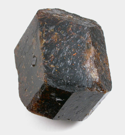 | Description: | Single dravite crystal with remnants of phlogopite mica matrix in the crevices throughout the specimen. The dravite tourmaline is translucent brown with smooth faces that are pockmarked where it is intergrown with phlogopite. |
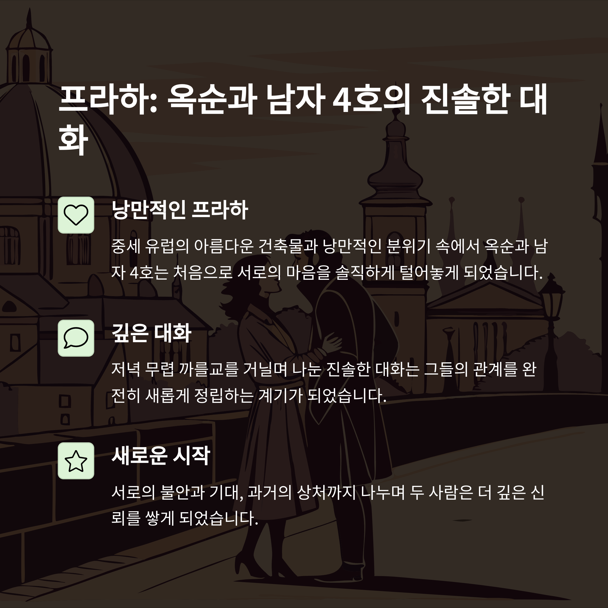 특히 9기 옥순과 남자 4호는 과거의 어색함을 극복하고 프라하에서의 진솔한 대화를 통해 관계를 다시 정리하며 시청자들에게 큰 인상을 남겼습니다.
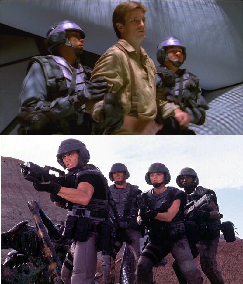 Starship Troopers is my favorite book, hands down.  I’ve read it at least a half dozen times.  Robert Heinlein crafted a fantastic science fiction universe, and the centerpiece of that universe is the Mobile Infantry, with their suits of powered armor.  These suits protect the infantrymen and provide them with enhanced strength, sensory perception, communications, and weaponry. These suits are described in the book as looking like giant, armored gorillas. Of course, this is not what appeared in the film. Instead, it was a box office disaster that didn’t have powered armor at all. That being said, the movie has some redeeming qualities as a B movie and I was willing to accept the movie for what it is—that is, until I saw the special features.  In them, director Paul Verhoeven spoke very excitedly about what he was planning to do with the suits.  Special feature interviews with Verhoeven show various concepts of what the suits might have looked like and, while they were all very different, they were all really cool looking. Instead we got really crappy body armor (This same armor made an appearance in episode two of Firefly).  Had I never seen Verhoeven’s original vision, I would have never expected anything other than the final movie version.
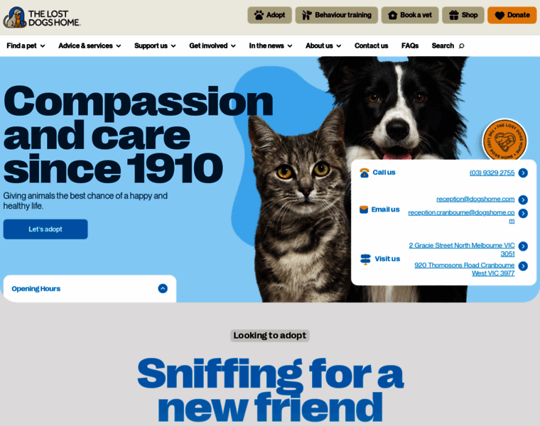 Find your perfect companion at The Lost Dogs' Home. Adopt rescued dogs and cats, support animal welfare, and help us create a better world for pets in need.
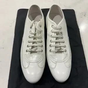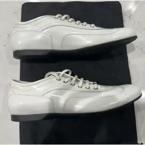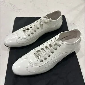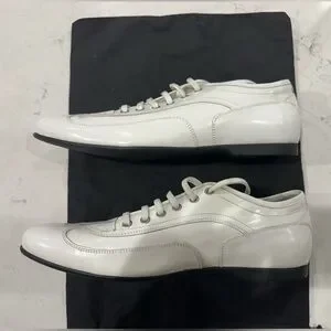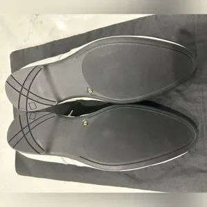 White Leather with rubber bottom. They are 42 euro 9 us, but fit me good and I’m a 10. They definitely run big. New dust bag.
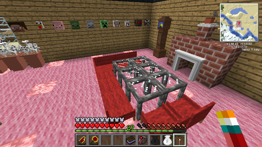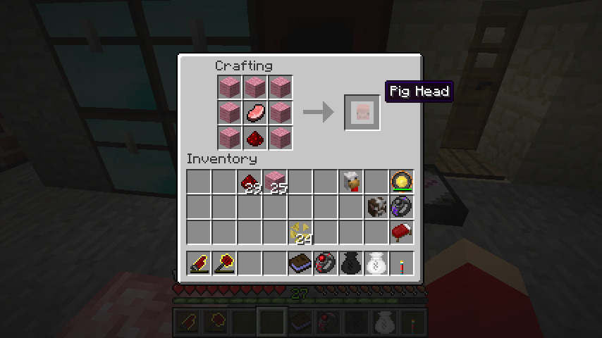 ピンク羊毛*7、レッドストーン、生豚肉で豚の頭(Pig Head)。
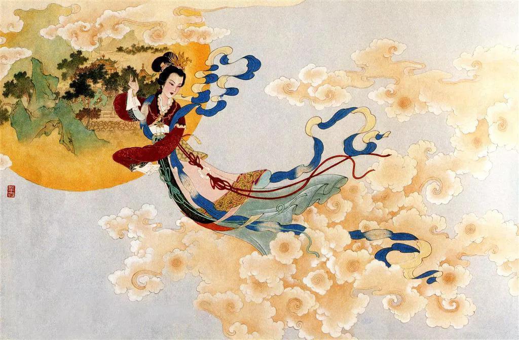 嫦娥吞下藥,身子立時飄離地面、沖出窗口,向天上飛去。由于嫦娥牽掛著丈夫,便飛落到離人間最近的月亮上成了仙。
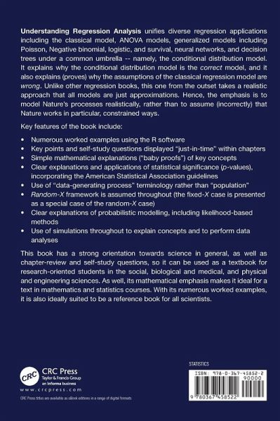 This book unifies diverse regression applications including the classical model, ANOVA models, generalized models including Poisson, Negative binomial, logistic, and survival, neural networks and decision trees under a common umbrella; namely, the conditional distribution model.
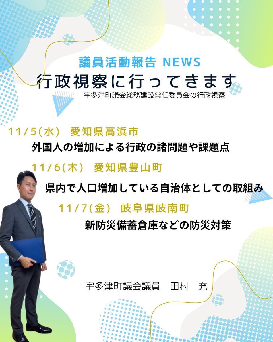 令和7年11月4日(火)〜6日(木) 厚生文教委員会行政視察 ・岡山県奈義町(少子化対策) ・鳥取県倉吉市(脱炭素事業) ・兵庫県三木市(小中一貫校) 3市町にて視察をおこないました。今後の山県市に活用できないか当てはめながら説明をお聞きしました。 #山県市 #行政視察 #奈義町 #倉吉市 #三木市 pic.x.com/uZzSlEstOB
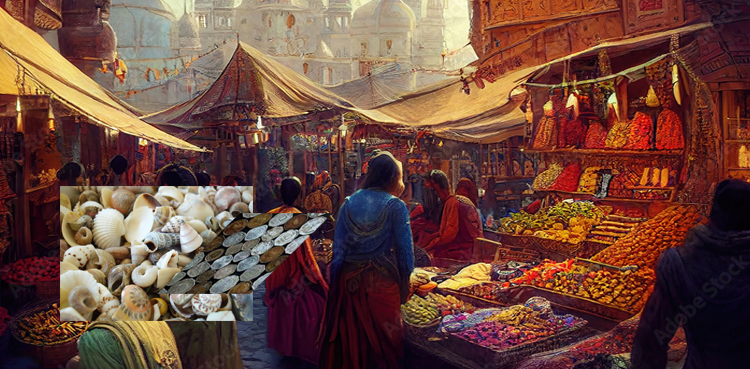 برصغیر میں مختلف ریاستوں میں کوڑیوں کے علاوہ سونے، چاندی اور تانبے کے سکّے کسی نہ کسی شکل میں تجارت اور خرید و فروخت کے لیے رائج رہے ہیں اور مغلیہ عہد بھی کرنسی کا یہ نظام اسی طرح جاری رہا۔ صدیوں پہلے کوڑیاں بازار اور ہر جگہ مالی لین دین کے لیے استعمال ہوتی تھیں۔ یہ کوڑیاں دراصل سمندر سے نکالی جانے والی سیپیوں کی ایک خاص قسم تھی جو اب گئے وقتوں کی بات ہے۔
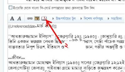 ২. এবার লেখার বাক্সের উপরে সম্পাদনা টুলবারে বইয়ের মত একটা ছবি আছে, সেটাতে ক্লিক করুন।
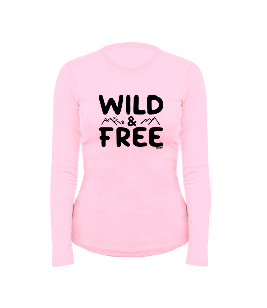 Dámské bavlněné tričko s dlouhým rukávem pro ženy s potiskem 1161 WILD AND FREE v barvě BABY PINK
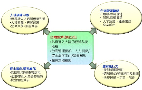 在新的商业模式上,台湾应发展为全球或亚太的人才培训中心、管理总部、台商营运总部等目标,并扮演外资进入大陆的经贸科技枢纽,台湾才能在产业全球布局之余,促成人才、资金、技术回流,进一步强化台湾的经贸科技优势,避免空洞化疑虑(见图13)。
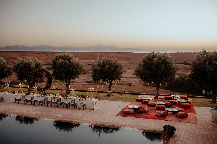 我们喜欢这个休息区与餐桌的距离!把它们放在这么近的地方是一个有趣的想法,这样你就可以在甜点上完后就和它们混在一起。此外,注意红色的地毯和垫子是如何完美地融入自然景观的。
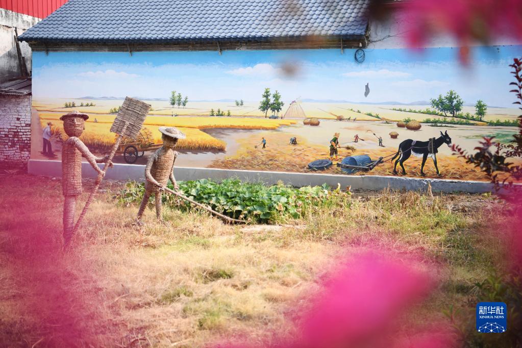 8月17日在河南省漯河市舞陽縣九街鎮(zhèn)胡崗村拍攝的農(nóng)民畫墻畫。
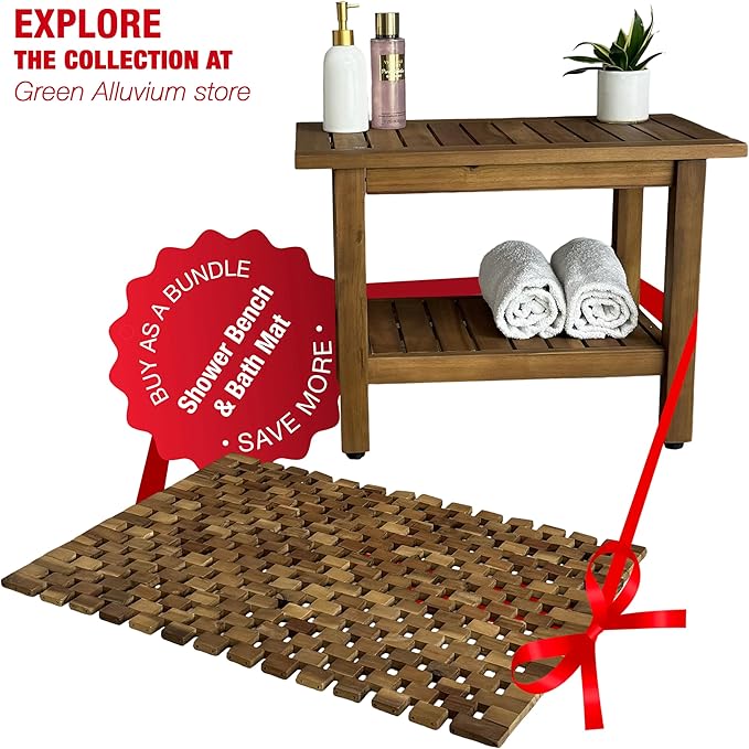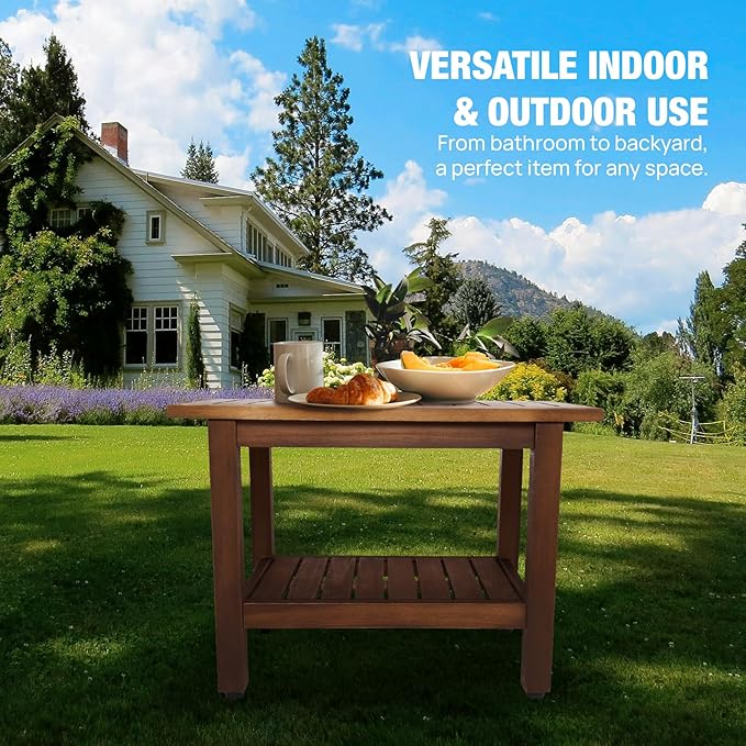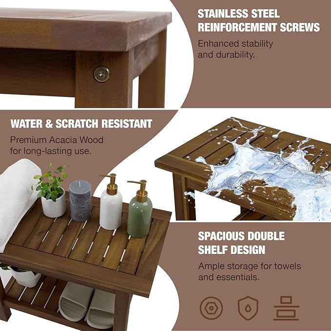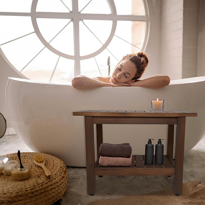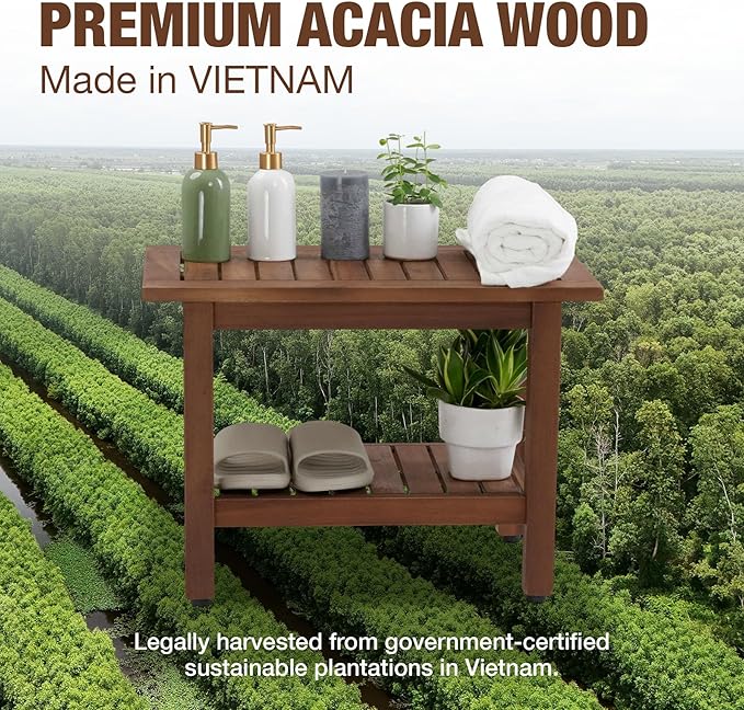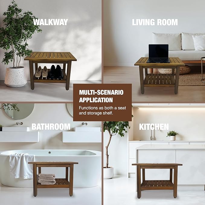24 inch Acacia Wood Shower Bench with Storage Shelf - Waterproof Sturdy Shower Stool - Shower Seats for Adults and Elderly - Bathroom Bench 350 lb Capacity
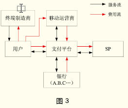 該模式中,第三方支付服務提供商是獨立于銀行和移動運營商之外的經(jīng)濟實體,其自己拓展用戶,與銀行及移動運營商協(xié)商合作,提供手機支付業(yè)務,見圖3。
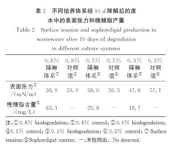表2不同培养体系经10d降解后的废水中的表面张力和槐糖脂产量
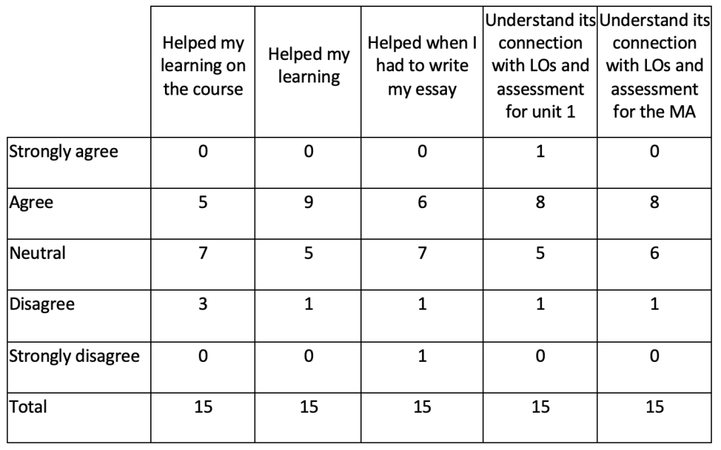 This is an interesting revelation as it sends the argument in full circle. My intervention started because we lacked a clearly defined cluster of timetabled sessions introducing theory and aimed at supporting the critical analysis and essay writing part of the course. As something ‘thrown together’ quickly to cover a teaching gap it had a surprisingly positive impact overall but it also shows that taking the time to really unpack new knowledge and verify that the students understand why they are learning something and how to use it is paramount to successful teaching.
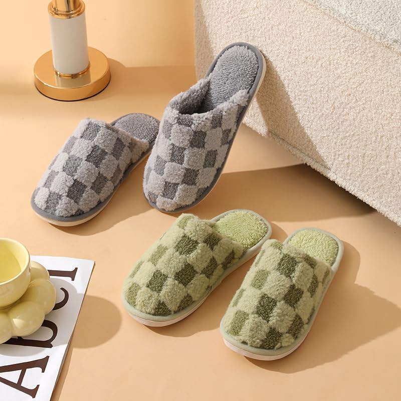 HOT ! Loizziuy Checkerboard Plush Slippers Winter Warm Cotton Shoes Home Slippers Indoor for Women Furry Shoes Accessories
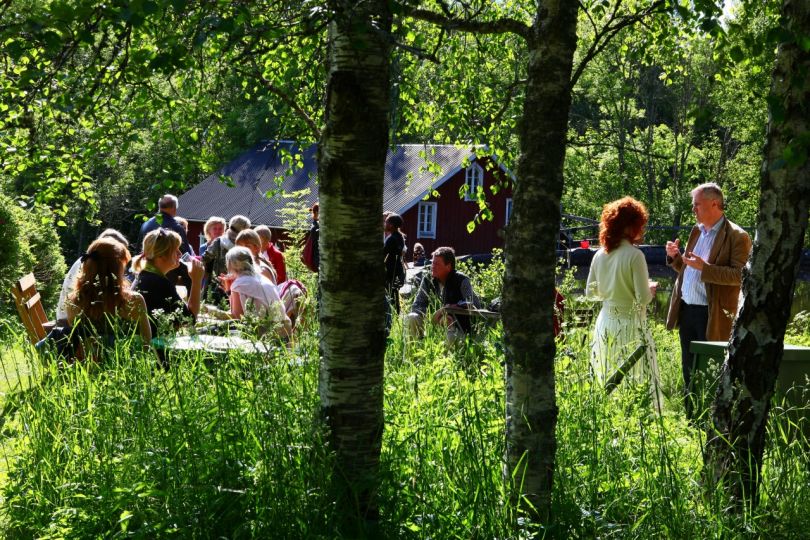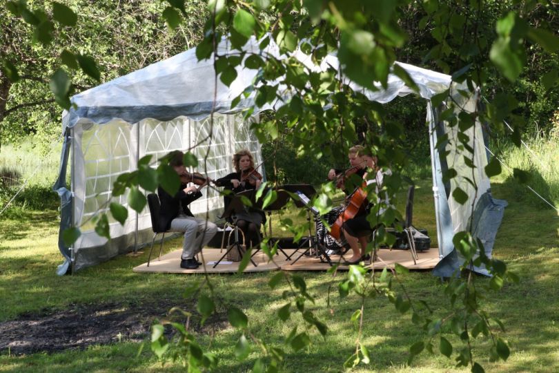 Stråkkvartettens eget program i trädgården – och tur med vädret hade vi också. Vi blev lite nervösa när det småregnade på morgonen… men ni ser ju!
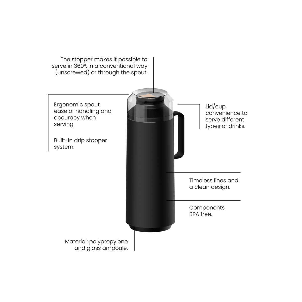 | الوظائف والفوائد الرئيسية | بفضل خطوطها الخالدة وتصميمها النظيف، فإن وعاء الهواء الحراري في خط Exata يتناسب جيدًا مع أي نمط ومساحة. مثالي للحفاظ على السوائل الساخنة أو الباردة في درجة الحرارة المناسبة لفترة أطول. بسيطة وحديثة، وتشغل مساحة أقل في منزلك وأثناء النقل. عملي وآمن لجميع أفراد العائلة. خفيف الوزن وسهل الاستخدام. صحية وسهلة التنظيف. المكونات خالية من مادة BPA. نظام إيقاف التنقيط المدمج. فوهة مريحة، وسهولة في التعامل والدقة عند التقديم. غطاء/كوب، مناسب لتقديم أنواع مختلفة من المشروبات. يتيح السدادة إمكانية التقديم بزاوية 360 درجة، بالطريقة التقليدية (بدون براغي) أو من خلال الفوهة. المواد: البولي بروبلين وأمبولة زجاجية. |
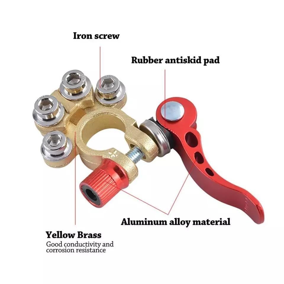 Terminalene selv er laget av messing, og festene er laget av rustfritt stål for å gi maksimal vanntett og batterisyremotstand, samtidig som de gir de elektriske forbindelsene som kreves for å drive elektroniske enheter.
◇ ◇ ◇ ◇ ◇
■ PROBLEM TO WORK ON
All the lines above are to be given again exactly as they read, with the pictures removed.

■ YOUR SOLUTION
 | Description: | Single dravite crystal with remnants of phlogopite mica matrix in the crevices throughout the specimen. The dravite tourmaline is translucent brown with smooth faces that are pockmarked where it is intergrown with phlogopite. |
 특히 9기 옥순과 남자 4호는 과거의 어색함을 극복하고 프라하에서의 진솔한 대화를 통해 관계를 다시 정리하며 시청자들에게 큰 인상을 남겼습니다.
 Starship Troopers is my favorite book, hands down.  I’ve read it at least a half dozen times.  Robert Heinlein crafted a fantastic science fiction universe, and the centerpiece of that universe is the Mobile Infantry, with their suits of powered armor.  These suits protect the infantrymen and provide them with enhanced strength, sensory perception, communications, and weaponry. These suits are described in the book as looking like giant, armored gorillas. Of course, this is not what appeared in the film. Instead, it was a box office disaster that didn’t have powered armor at all. That being said, the movie has some redeeming qualities as a B movie and I was willing to accept the movie for what it is—that is, until I saw the special features.  In them, director Paul Verhoeven spoke very excitedly about what he was planning to do with the suits.  Special feature interviews with Verhoeven show various concepts of what the suits might have looked like and, while they were all very different, they were all really cool looking. Instead we got really crappy body armor (This same armor made an appearance in episode two of Firefly).  Had I never seen Verhoeven’s original vision, I would have never expected anything other than the final movie version.
 Find your perfect companion at The Lost Dogs' Home. Adopt rescued dogs and cats, support animal welfare, and help us create a better world for pets in need.
 White Leather with rubber bottom. They are 42 euro 9 us, but fit me good and I’m a 10. They definitely run big. New dust bag.
 ピンク羊毛*7、レッドストーン、生豚肉で豚の頭(Pig Head)。
 嫦娥吞下藥,身子立時飄離地面、沖出窗口,向天上飛去。由于嫦娥牽掛著丈夫,便飛落到離人間最近的月亮上成了仙。
 This book unifies diverse regression applications including the classical model, ANOVA models, generalized models including Poisson, Negative binomial, logistic, and survival, neural networks and decision trees under a common umbrella; namely, the conditional distribution model.
 令和7年11月4日(火)〜6日(木) 厚生文教委員会行政視察 ・岡山県奈義町(少子化対策) ・鳥取県倉吉市(脱炭素事業) ・兵庫県三木市(小中一貫校) 3市町にて視察をおこないました。今後の山県市に活用できないか当てはめながら説明をお聞きしました。 #山県市 #行政視察 #奈義町 #倉吉市 #三木市 pic.x.com/uZzSlEstOB
 برصغیر میں مختلف ریاستوں میں کوڑیوں کے علاوہ سونے، چاندی اور تانبے کے سکّے کسی نہ کسی شکل میں تجارت اور خرید و فروخت کے لیے رائج رہے ہیں اور مغلیہ عہد بھی کرنسی کا یہ نظام اسی طرح جاری رہا۔ صدیوں پہلے کوڑیاں بازار اور ہر جگہ مالی لین دین کے لیے استعمال ہوتی تھیں۔ یہ کوڑیاں دراصل سمندر سے نکالی جانے والی سیپیوں کی ایک خاص قسم تھی جو اب گئے وقتوں کی بات ہے۔
 ২. এবার লেখার বাক্সের উপরে সম্পাদনা টুলবারে বইয়ের মত একটা ছবি আছে, সেটাতে ক্লিক করুন।
 Dámské bavlněné tričko s dlouhým rukávem pro ženy s potiskem 1161 WILD AND FREE v barvě BABY PINK
 在新的商业模式上,台湾应发展为全球或亚太的人才培训中心、管理总部、台商营运总部等目标,并扮演外资进入大陆的经贸科技枢纽,台湾才能在产业全球布局之余,促成人才、资金、技术回流,进一步强化台湾的经贸科技优势,避免空洞化疑虑(见图13)。
 我们喜欢这个休息区与餐桌的距离!把它们放在这么近的地方是一个有趣的想法,这样你就可以在甜点上完后就和它们混在一起。此外,注意红色的地毯和垫子是如何完美地融入自然景观的。
 8月17日在河南省漯河市舞陽縣九街鎮(zhèn)胡崗村拍攝的農(nóng)民畫墻畫。
24 inch Acacia Wood Shower Bench with Storage Shelf - Waterproof Sturdy Shower Stool - Shower Seats for Adults and Elderly - Bathroom Bench 350 lb Capacity
 該模式中,第三方支付服務提供商是獨立于銀行和移動運營商之外的經(jīng)濟實體,其自己拓展用戶,與銀行及移動運營商協(xié)商合作,提供手機支付業(yè)務,見圖3。
表2不同培养体系经10d降解后的废水中的表面张力和槐糖脂产量
 This is an interesting revelation as it sends the argument in full circle. My intervention started because we lacked a clearly defined cluster of timetabled sessions introducing theory and aimed at supporting the critical analysis and essay writing part of the course. As something ‘thrown together’ quickly to cover a teaching gap it had a surprisingly positive impact overall but it also shows that taking the time to really unpack new knowledge and verify that the students understand why they are learning something and how to use it is paramount to successful teaching.
 HOT ! Loizziuy Checkerboard Plush Slippers Winter Warm Cotton Shoes Home Slippers Indoor for Women Furry Shoes Accessories
 Stråkkvartettens eget program i trädgården – och tur med vädret hade vi också. Vi blev lite nervösa när det småregnade på morgonen… men ni ser ju!
 | الوظائف والفوائد الرئيسية | بفضل خطوطها الخالدة وتصميمها النظيف، فإن وعاء الهواء الحراري في خط Exata يتناسب جيدًا مع أي نمط ومساحة. مثالي للحفاظ على السوائل الساخنة أو الباردة في درجة الحرارة المناسبة لفترة أطول. بسيطة وحديثة، وتشغل مساحة أقل في منزلك وأثناء النقل. عملي وآمن لجميع أفراد العائلة. خفيف الوزن وسهل الاستخدام. صحية وسهلة التنظيف. المكونات خالية من مادة BPA. نظام إيقاف التنقيط المدمج. فوهة مريحة، وسهولة في التعامل والدقة عند التقديم. غطاء/كوب، مناسب لتقديم أنواع مختلفة من المشروبات. يتيح السدادة إمكانية التقديم بزاوية 360 درجة، بالطريقة التقليدية (بدون براغي) أو من خلال الفوهة. المواد: البولي بروبلين وأمبولة زجاجية. |
 Terminalene selv er laget av messing, og festene er laget av rustfritt stål for å gi maksimal vanntett og batterisyremotstand, samtidig som de gir de elektriske forbindelsene som kreves for å drive elektroniske enheter.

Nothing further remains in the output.